I lasted ten years. I’m proud of about six or seven years of that. The balance was spent unaware that I had hit the wall. If I had it all to do again, I wouldn’t. It was terrifying and emotionally scarring. And I was exposed to the depravity that lurks in our species. But it was vital work. If I live to be a hundred, I will never again be involved in such a noble task. Can there be anything as important as caring for children?

I am proud of my efforts and I am proud of my profession. I am proud, despite knowing that my profession attracts more than its fair share of men and some women whose sole purpose is to prey on children. Every profession that brings adults into contact with children, is going to be targeted by predators.

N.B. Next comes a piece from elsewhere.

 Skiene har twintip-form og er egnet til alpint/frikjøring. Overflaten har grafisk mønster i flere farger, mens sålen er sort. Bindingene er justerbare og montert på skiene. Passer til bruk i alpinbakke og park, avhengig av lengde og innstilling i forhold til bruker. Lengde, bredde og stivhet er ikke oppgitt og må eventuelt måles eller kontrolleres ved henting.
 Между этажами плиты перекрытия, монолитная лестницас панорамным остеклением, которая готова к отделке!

As Tom Meagher says in this wonderful piece, the perpetrators of horrible crimes are for the most part, seemingly ordinary people. High functioning individuals who blandly go about their business of destroying lives while still part of society.

The Roman Catholic Priesthood with its unnatural strictures against sex and family was obviously going to have an above average number of sexual deviants. They should not be condemned for that. I can’t condemn them for those numbers because my profession has similar numbers. Some of our sick people even had partners and children of their own.

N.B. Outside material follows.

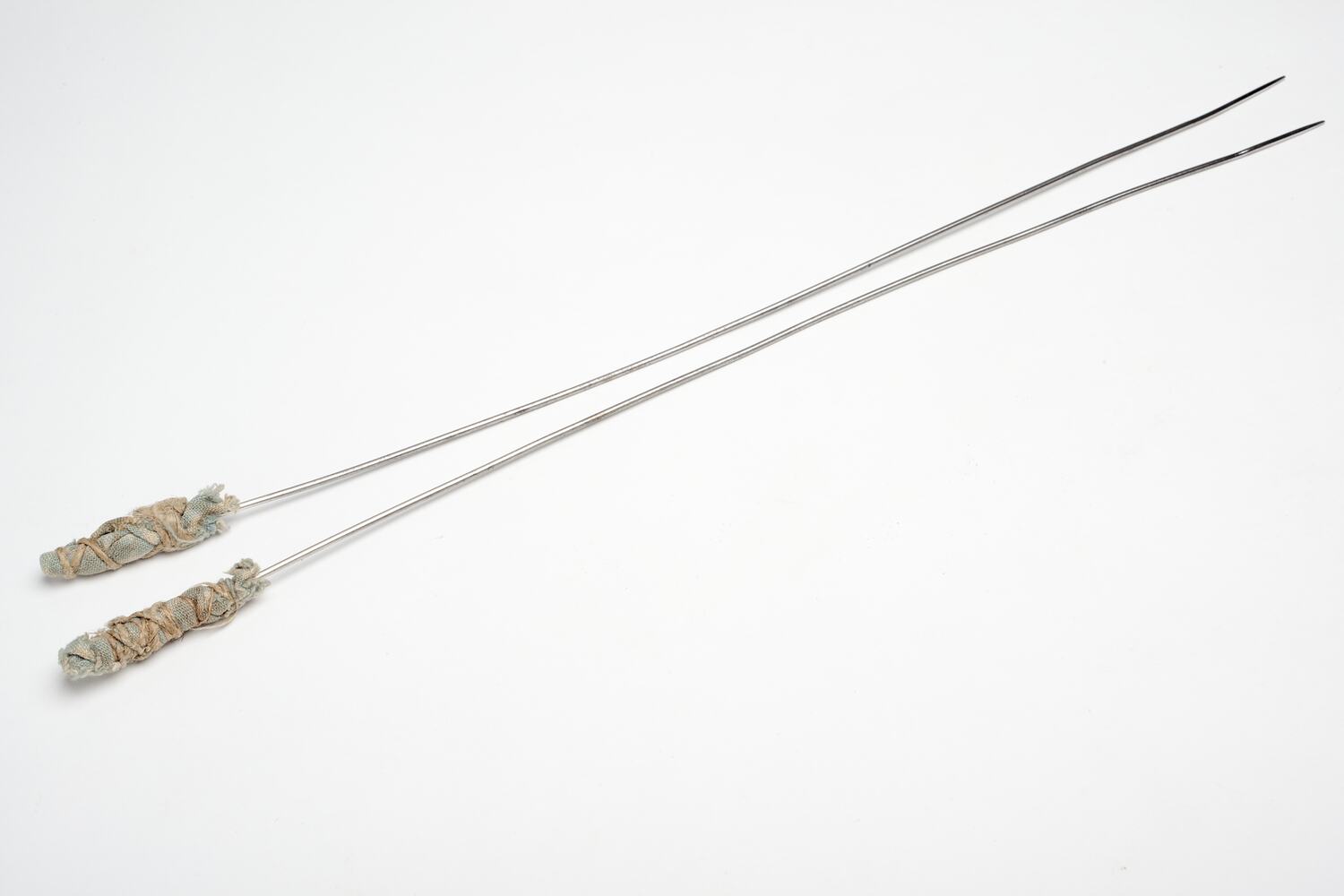 The knitting needles are of a fine gauge shiny steel. At one end of each needle blue and white material is wrapped and tied with string to form the protection needed against damage to clothes whilst in use.

What then is different between me and a priest? It’s a question of loyalty. There is no one in my profession, even if they are a friend of 20 years, who I wouldn’t without hesitation, throw under a bus, if I suspected or knew they had abused a child in their care. That is not some kind of professional credo. In fact it’s goes beyond a question of loyalty. It’s a duty of care. It’s a morality that always and everywhere, puts children first.

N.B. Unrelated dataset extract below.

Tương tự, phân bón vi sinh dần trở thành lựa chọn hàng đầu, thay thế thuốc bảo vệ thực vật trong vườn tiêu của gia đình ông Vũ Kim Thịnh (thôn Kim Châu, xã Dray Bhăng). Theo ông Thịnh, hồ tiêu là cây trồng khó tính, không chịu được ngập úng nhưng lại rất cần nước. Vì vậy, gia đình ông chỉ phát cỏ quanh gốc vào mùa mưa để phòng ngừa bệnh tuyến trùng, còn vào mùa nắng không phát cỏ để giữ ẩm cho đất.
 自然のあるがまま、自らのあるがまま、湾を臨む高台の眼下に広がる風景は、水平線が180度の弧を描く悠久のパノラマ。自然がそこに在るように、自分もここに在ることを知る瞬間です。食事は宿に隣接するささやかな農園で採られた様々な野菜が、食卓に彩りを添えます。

Unfortunately, the apologists for the Roman Catholic Church continually fail to understand why they are perpetually condemned for the sexual abuse of children carried out by its priests. It is not the individual abusers that are the problem. It was and is, the continued prioritisation by the Roman Catholic Church of the Roman Catholic Church over and above all other considerations. Over and above children and over the evolved morals of the twenty-first century.

I have a great deal of sympathy for the paranoid priest. He is a man I can respect. I can relate to that paranoid priest. That is a man who knows he has a job to do and that he must do it in very fraught circumstances. He will examine the policies and procedures that govern his interaction with vulnerable people. He will do all to ensure that every ‘t’ is crossed and every ‘i’ is dotted in those polices and procedures. He will ensure his parishioners are aware of the policies and procedures and he will endeavour to be very public in his adherence. Ensuring the safety of all but also ensuring the education of all. Ensuring that a standard will be set that his successors will be obliged to meet.
Thing is though, that priest no matter how conscientious, still regards himself as having the right and the duty to keep the secrets of child abusers. That pernicious arrogance, that perverted morality, makes a mockery of any child protection policies and procedures. No one would trust their child with a child abuser, that’s obvious. But how many of us would trust our children with men who do not feel obliged to bring child abusers to earthly justice?

I do not think priests should be forced to break the Confessional Seal. There are just too many people in this country who believe in the magical properties of Confession. Further, a frontal assault would just reinforce the culture of martyrhood the majority religion likes to don. We are left then, with the simple hope that this ‘perverse belief’ will in time, simply dissipate under the weight of its own ugliness.

Till then I mourn for all the children that secrecy condemns and has condemned to continued abuse and rape. I mourn for the good men who have had their sense of decency so perverted that they place a duty to their god above their duty to children. That is a wound no one has ever been made answer for.